The Fourth District Court of Appeal of the State of California recently issued an opinion concerning a landlord’s right to recover damages for a lessee’s waste in the case Avalon Pacific – Santa Ana, L.P. v. HD Supply Repair & Remodel, LLC.1 The lessee, HD Supply, demolished the office space it leased from Avalon in preparation of renovations, but halted the renovations due to economic conditions, and allowed the property to fall into a state of disrepair. Avalon did not terminate the lease, but sued HD Supply to recover the cost of repair, and was awarded damages for breach of lease and waste by the trial court. The Court of Appeal reversed, and held that Avalon’s measure of damages for breach of the maintenance and repair covenants and for waste is the diminution in value of Avalon’s reversion interest. The Court also held that Avalon could not recover cost of repair damages when the lease had not been terminated and Avalon was continuing to receive monthly rent.
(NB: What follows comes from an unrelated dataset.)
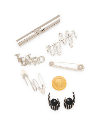 Silver-tone Medusa head and Greco pattern safety pin.

HD Supply leased premises from Avalon, which included two vacant warehouses, one of which had interior office space, and intended to convert the warehouses into a retail facility. Within months of commencing the build-out, the economy declined. HD Supply halted the renovations, and the premises fell into a state of disrepair.2

Avalon never terminated the lease, and continued to receive monthly rent of about $50,000, but filed suit for breach of lease (breach of maintenance and repairs covenants), waste and declaratory relief against HD Supply, and the jury awarded $561,000 against HD Supply.3 On the waste cause of action, the jury found that HD Supply acted “willfully or maliciously” and the trial court trebled the damages for waste, resulting in a total damages award of $2.36 million.
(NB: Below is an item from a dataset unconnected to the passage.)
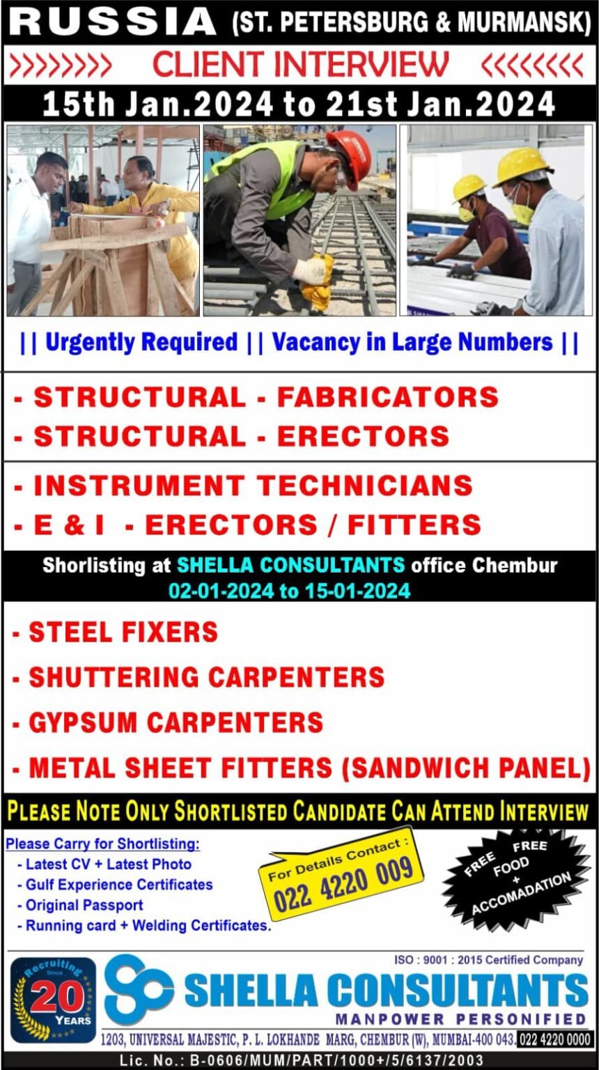 Jobs In Russia (St. Petersburg & Murmansk) – Vacancy In Large Numbers

Cost of Repair Damages for Breach of Maintenance and Repair Covenants are Not Recoverable by a Lessor During the Lease Term

The Court found that HD Supply had not abandoned the lease, which was a prerequisite to Avalon’s right to recover cost of repair damages. The Court held that cost of repair damages for breach of maintenance and repair covenants are not recoverable by a lessor during the lease term. Instead, the Court opined that to enforce nonmonetary covenants of the lease, such as maintenance and repair obligations, Avalon’s remedy under the lease was to sue for specific performance, which Avalon did not do. The Court noted that the justification for the rule that a lessor may not recover damages for cost of repair during the lease term was that it would not be fair since the lessee is not bound to expend money on repairs, and if a lessor recovered the cost of repairs, the lessor would have a windfall. This is because the lessor would not rightfully come into possession of the premises until the expiration of the lease term, after the value of the repairs has substantially declined. Further, a lessor’s cost of repair damages during the lease term is speculative, since the lessee may make the necessary repairs prior to the expiration of the lease.4

The Court recognized that a landlord has a right to enforce a repair covenant during the lease term. But the issue was what remedy is recoverable (e.g., specific performance, or damages for cost of repair or injury to revision interest). The Court discussed several cases allowing cost of repair damages, but noted that those cases turned on peculiar facts or terms in the lease and did not represent the general rule that cost of repair damages are not recoverable during the lease term. The Court noted that there is a split of authority as to whether a lessor can obtain damages for injury to the reversion interest during the pendency of the lease, but noted that it need not decide that issue since Avalon had not sought such damages.5

Damages for Waste Must be Based on Diminution of Reversion Interest and Cannot be Based on Cost of Repair While Lease is in Effect

The Court held that Avalon did not prove that HD Supply committed waste, which is by definition injury to a lessor’s reversion interest. The Court recognized that not every injury to premises by a lessee constitutes “waste” as waste is injury to the lessor’s reversion interest, not the lessee’s present interest. While Avalon presented testimony that the premises could not be sold or leased in its present condition, Avalon did not present evidence of damages to Avalon’s reversion interest. Therefore the Court concluded that in seeking cost of repair damages instead of proving diminution of value of its reversion interest, Avalon failed to prove waste. Further, the Court questioned a lessor’s ability to recover cost of repair damages for waste, holding that Avalon could not have recovered cost of repair damages while the lease remained in effect.6 The matter was reversed with directions to enter judgment in favor of the defendants.